Migrate data from a self-managed Kudu cluster to an EMR cluster - E-MapReduce

E-MapReduce (EMR) allows you to migrate data from a self-managed Kudu cluster on your on-premises machine to an EMR cluster. This topic describes how to migrate data from a self-managed Kudu cluster on your on-premises machine to an EMR Hadoop cluster in which the Kudu service is deployed.

Prerequisites

A self-managed Kudu cluster is created.
An EMR Hadoop cluster that contains the Kudu service is created. For more information, see Create a cluster.

Background information

EMR Kudu is compatible with Apache Kudu 1.10 and 1.11. You can use backup and restore tools provided by Apache Kudu to migrate data. The following figure shows the data migration process. kudu

Procedure

Run the following command to view the names of the Kudu tables to be migrated:
```
Kudu table list {YourKuduMasterAddress}
```
Note
{YourKuduMasterAddress} specifies the internal IP address of the master node of the self-managed Kudu cluster. You can specify multiple internal IP addresses. Separate them with commas (,).
Use the backup tool provided by Apache Kudu to back up tables in the self-managed Kudu cluster.
The backup tool performs incremental or full backup based on existing backup information.
Note
The first time you back up specified tables in a self-managed Kudu cluster, all data of the tables is backed up. In subsequent backup scenarios, only incremental data of the tables in the self-manged Kudu cluster is backed up. This saves the storage space and reduces the backup time.
In the following commands, --kuduMasterAddresses specifies the internal IP address of the master node of the self-managed Kudu cluster.
- Use Object Storage Service (OSS) as intermediate storage
```
spark-submit --class org.apache.kudu.backup.KuduBackup kudu-backup2_2.11-1.10.0.jar \
  --kuduMasterAddresses master1-host,master-2-host,master-3-host \
  --rootPath oss://{your_BucketName}/kudu-backups {YourTableList}
```
  Note
  {your_BucketName} specifies the name of your OSS bucket. {YourTableList} specifies the tables that you want to back up.
- Use Hadoop Distributed File System (HDFS) as intermediate storage
```
spark-submit --class org.apache.kudu.backup.KuduBackup kudu-backup2_2.11-1.10.0.jar \
  --kuduMasterAddresses master1-host,master-2-host,master-3-host \
  --rootPath hdfs://{YourHDFSCluster}/kudu-backups {YourTableList}
```
  Note
  {YourHDFSCluster} specifies the address of your Hadoop cluster.
Check data in the Kudu backup directory.

Run the Restore command on the EMR Kudu cluster to import data to the EMR Kudu cluster.

Sample code:

Use OSS as intermediate storage

spark-submit --class org.apache.kudu.backup.KuduRestore kudu-backup2_2.11-1.10.0.jar \
  --kuduMasterAddresses master1-host,master-2-host,master-3-host \
  --rootPath oss://{your_BucketName}/kudu-backups {YourTableList}

Note

In the preceding command, --kuduMasterAddresses specifies the internal IP address of the master node of the self-managed Kudu cluster.

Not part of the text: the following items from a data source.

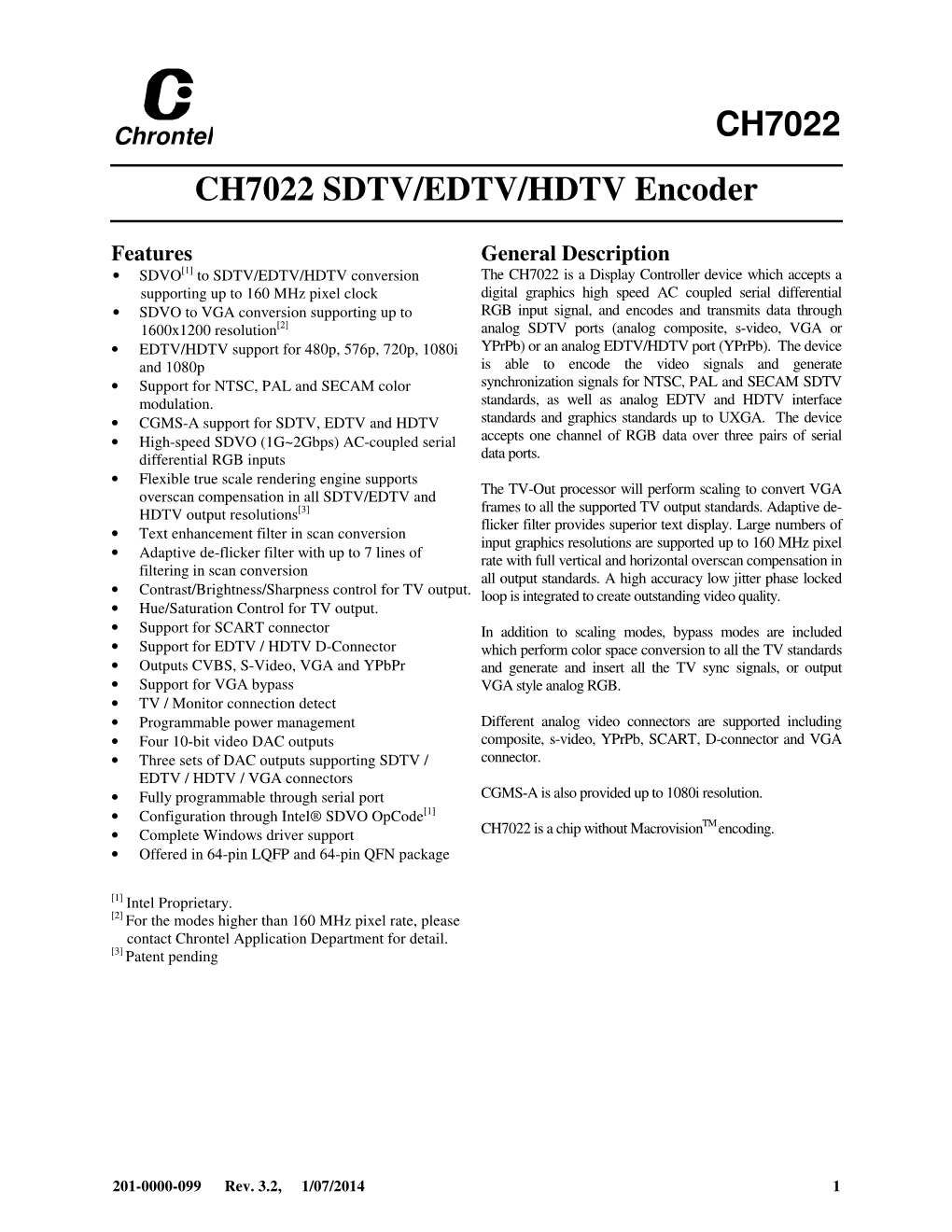 Chrontel CH7022 SDTV/EDTV/HDTV Encoder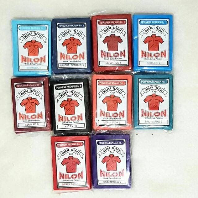 Ready semua warna (30 warna) Pewarna pakaian / Tekstil merk "Nilon"Digunakan untuk menguatkan warna pakaian yg sudah pudar, tdk untuk.mengganti warna pakaianCara penggunaan mudah1 bungkus cukup untuk 300 gram kainTidak disarankan untuk kain berbahan karetPastikan kain yang akan diwarnai berbahan tebal dan tahan panas untuk menghindari kerusakan pada kainAkan ada sedikit lunturan warna saat pencucian pertama. Luntur ini biasanya terjadi karena proses pembilasan yg kurang bersih.Cara pakai : Siapkan 2 liter air tambahkan 2 sendok teh garam dapur lalu masukkan bubuk pewarna. Panaskan hingga air mendidih sambil diaduk. Kain dicuci bersih dan diperas lalu dimasukkan ke dalam larutan pewarna hingga terbenam seluruhnya sambil dibalik balik supaya warnanya merata selama pengadukan air dijaga hingga hampir mendidih. Setelah 1 jam kain diangkat dan dibiarkan menjadi dingin terlebih dahulu. Cuci dengan air dingin beberapa kali hingga sisa pewarna benar benar bersih. Berikan catatan warna saat order, contoh warna di gambar 2Terima kasih...stock rea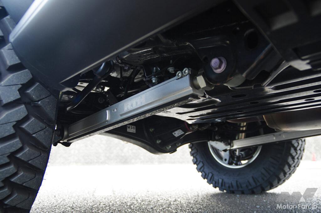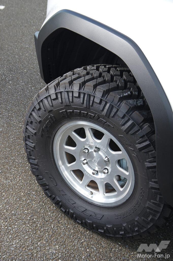 サスペンションには新鋭メーカーRTKの調整式コイルオーバーとアーム類を組み合わせ、リフト量だけでなく前後ストロークを適正化。ハイトを稼ぐことよりも「しなやかに動くこと」を優先したセットアップとなっている。そんな250に選ばれたタイヤはニットー・トレイルグラップラーM/T。深いブロックパターンと強靱なサイドウォールを備え、岩場や泥濘で高いトラクションと耐久性を発揮するマッドテレーン。だが、ただオフへ振り切ったわけではなく、内部構造とトレッド設計により、特に直進時のロードノイズを抑え込むことで、舗装路でも破綻しない走行フィールを獲得しているのが特徴だ。そこに組み合わせるホイールはハイフォージドトレイルシリーズHF10。クリーンで立体感ある10スポークが足元を引き締めトレイルグラップラーM/Tの逞しさと相互に補完し合う。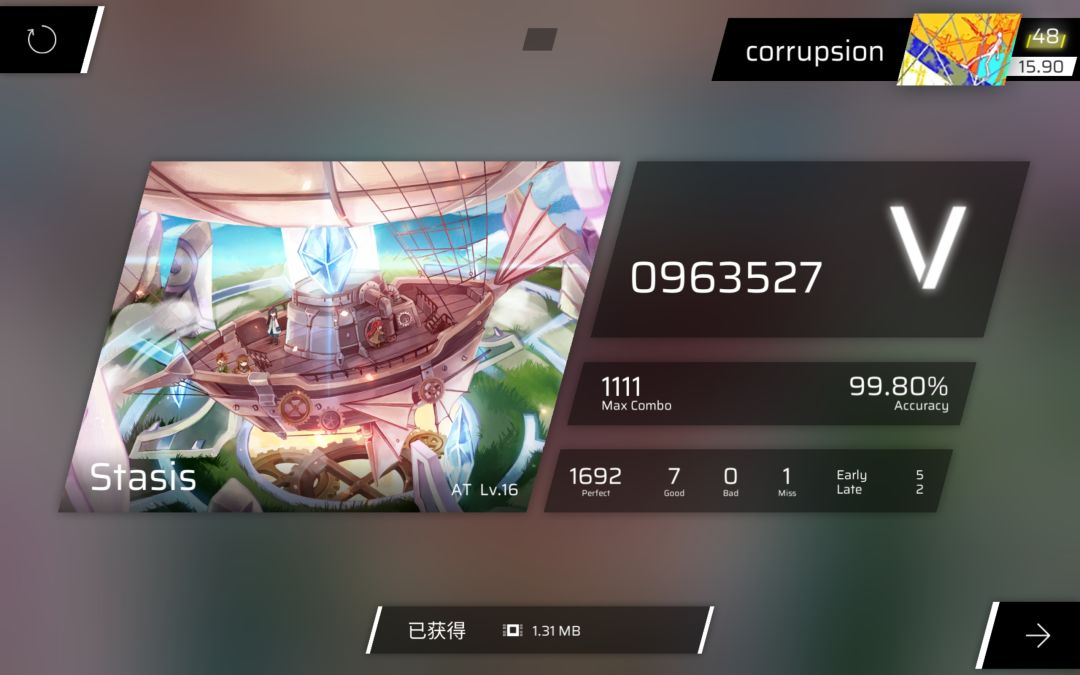 船很可惜,差一点就全连,没想到是在5k前的大位移交互那里漏的(图二),应该是点歪了,在此之前都是全金,5k段也是全连,没想到5k力有这么大进步;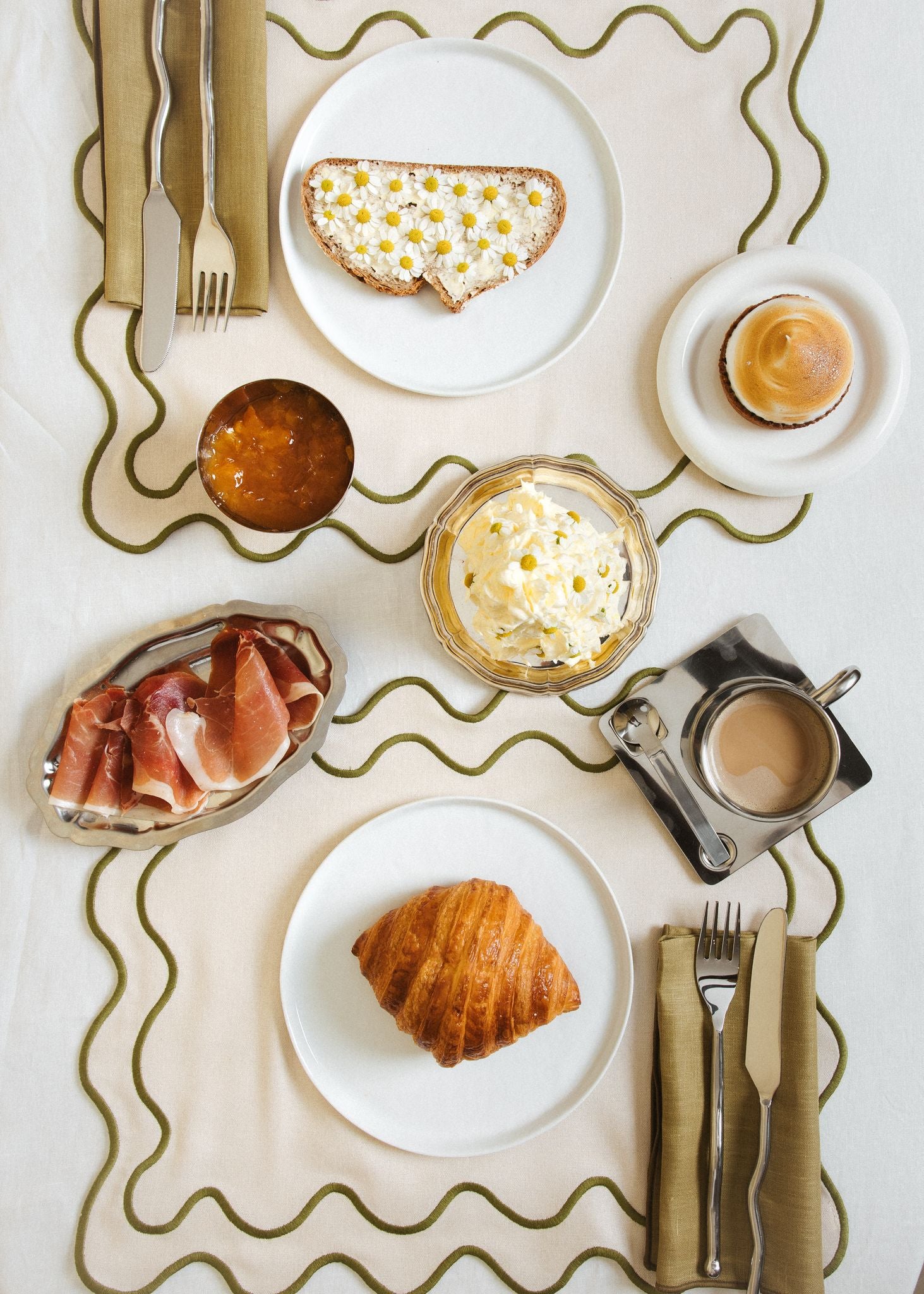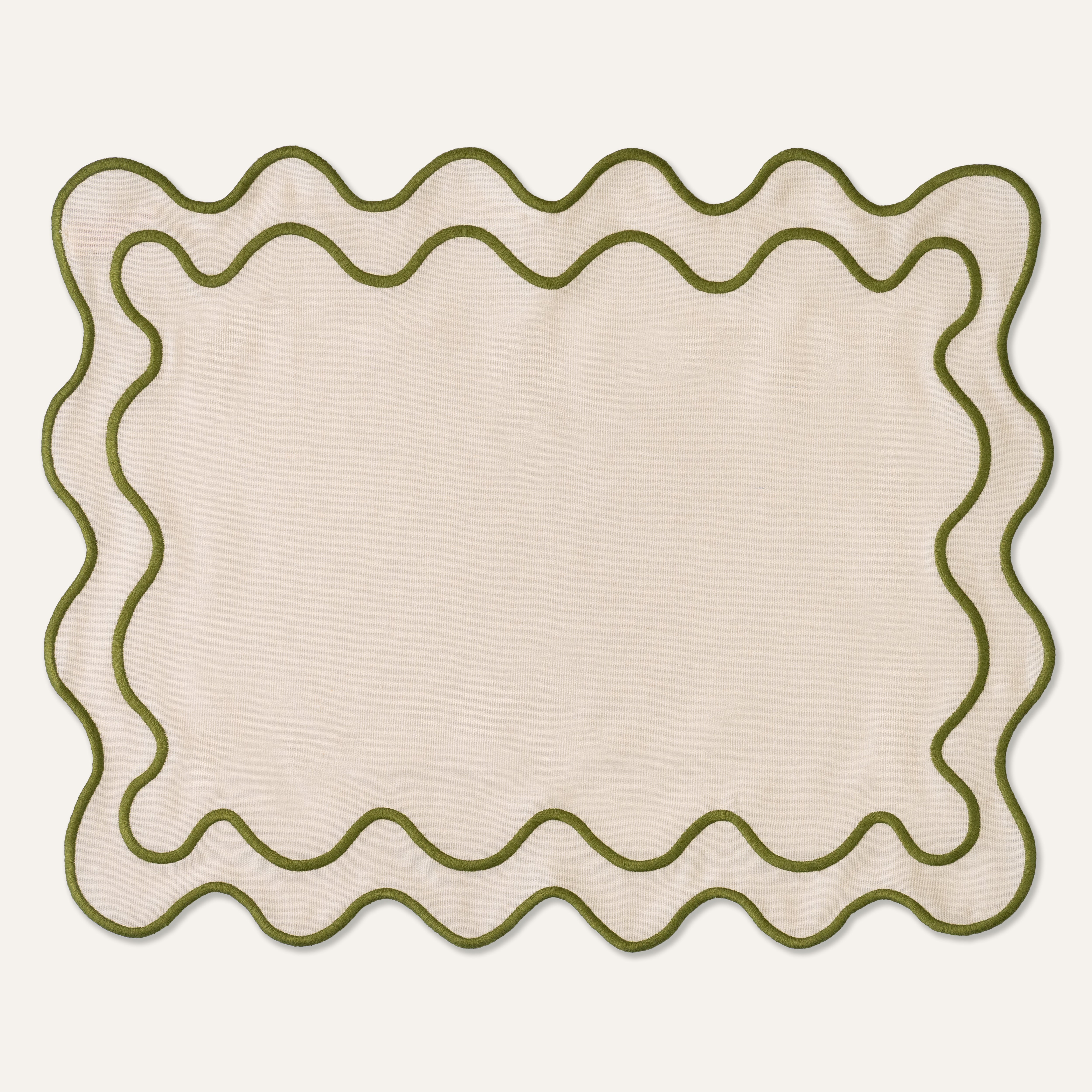 This pair of beige linen-blend placemats in a playful wavy cut and contrasting green embroidery in two wavy patterns adds a touch of sophistication to the dining table.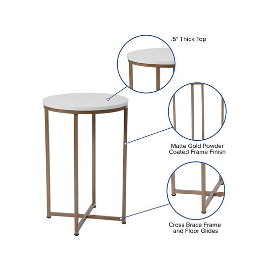 Hampstead Collection White End Table with Matte Gold Frame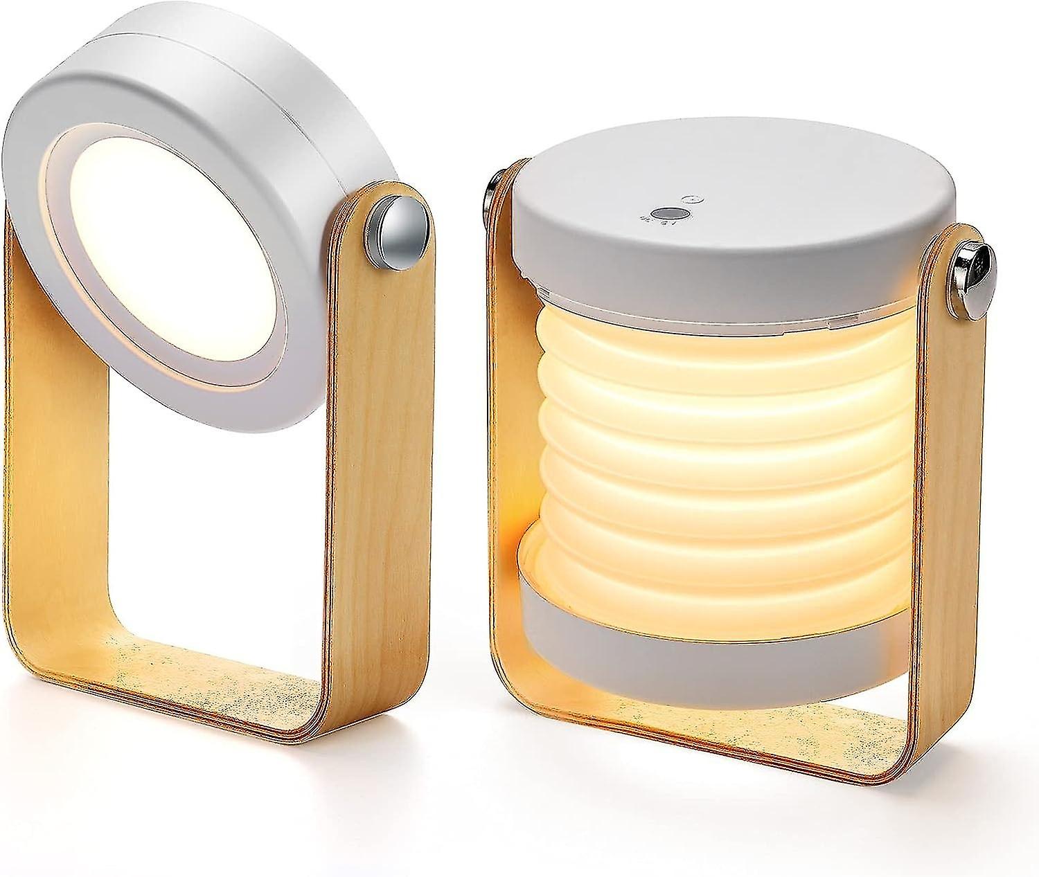 Multifunctional Folding Table Lamp: This retractable folding table lamp is perfect as a bedside lamp, desk lamp, table lamp, wall sconce, reading light or camping light. Perfect for bedrooms, living rooms, study rooms, bedside tables, and can also be carried around for camping, hiking and other outdoor activities. 360 Degree Adjustable Eye Light: This night light has 3 brightness levels (soft, medium and bright). It is perfect for rest and relaxation, perfect for bedroom, nursery, children's night light, sofa bed. Portable and safe design: Built-in 1200mAh rechargeable touch-activated table lamp battery (2 hours charging via USB port) will meet your needs - up to 14 hours (different brightness, different use time). Enjoy the convenience of a portable handle when you're at home, in the office, or even camping or picnicking. Easy to use and stylish design: One-touch control to turn on/off and control brightness from low to high, 3 adjustable brightness levels. European elegant design, warm white lamp, wooden handle. Product dimensions: 19.4cm x 14.2cm x 3.7cm. Shipping quantity: 2 pieces.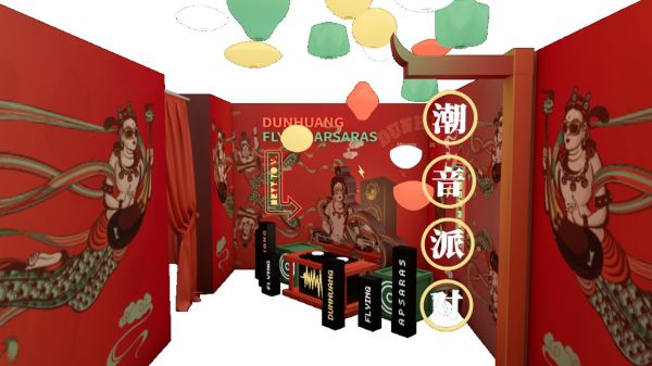 “飞天潮禧”主题展览位于商场M层东区MORE LAB 潮空间,以梦境为创作灵感,打造入梦、觅音、寻迹、造乐、点愿、珍藏六部曲,带来一场沉浸式的神秘敦煌之旅。展览入口处是彩云层叠的“入梦”打卡点,顾客可以在富有仪式感的布景下踏入梦境;穿过“觅音”引领通道,即可知晓已穿越幻境的人数;随后进入“造乐”空间,顾客还可跟随飞天仙人前往潮音派对,现场更有敦煌DJ酷潮驻场,带来飞天朋克重金属秀;此后依次移步至“点愿”,“寻迹”在光影互动媒体装置许下新年心愿,巨型佛莲底座上飞天彩带轻盈舞动,周边飘散花瓣,顾客置身其中,感受视、听、嗅、感多重感官的奇妙体验。最后,抵达“珍藏”,潮物云集的敦煌飞天主题快闪店将展示售卖敦煌博物馆正品文创周边。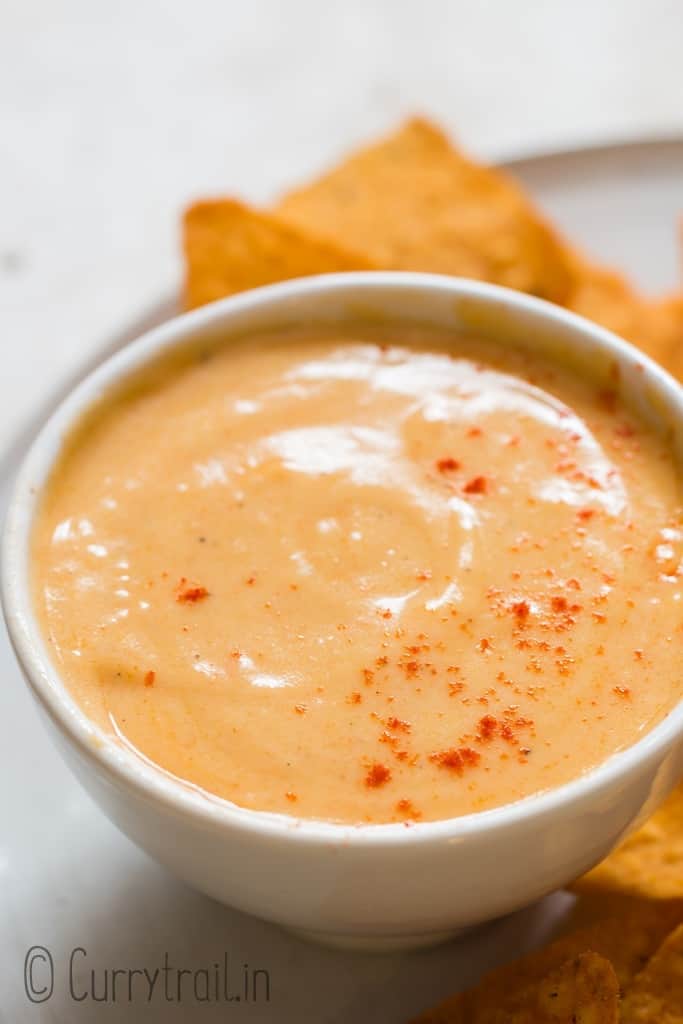 The spicy nacho cheese sauce is super easy to make. A bowl of silky smooth, cheesy, sauce is perfect for a dip, nacho cheese, with fries, steamed or roasted broccoli, mac and cheese sauce, as a dipping sauce for pretzel bites and so much more.

Use HDFS as intermediate storage

spark-submit --class org.apache.kudu.backup.KuduRestore kudu-backup2_2.11-1.10.0.jar \
  --kuduMasterAddresses master1-host,master-2-host,master-3-host \
  --rootPath hdfs://{YourHDFSCluster}/kudu-backups {YourTableList}

Check whether data in tables and names of tables in the EMR Kudu cluster are consistent with data in tables and names of tables that are queried by using a compute engine.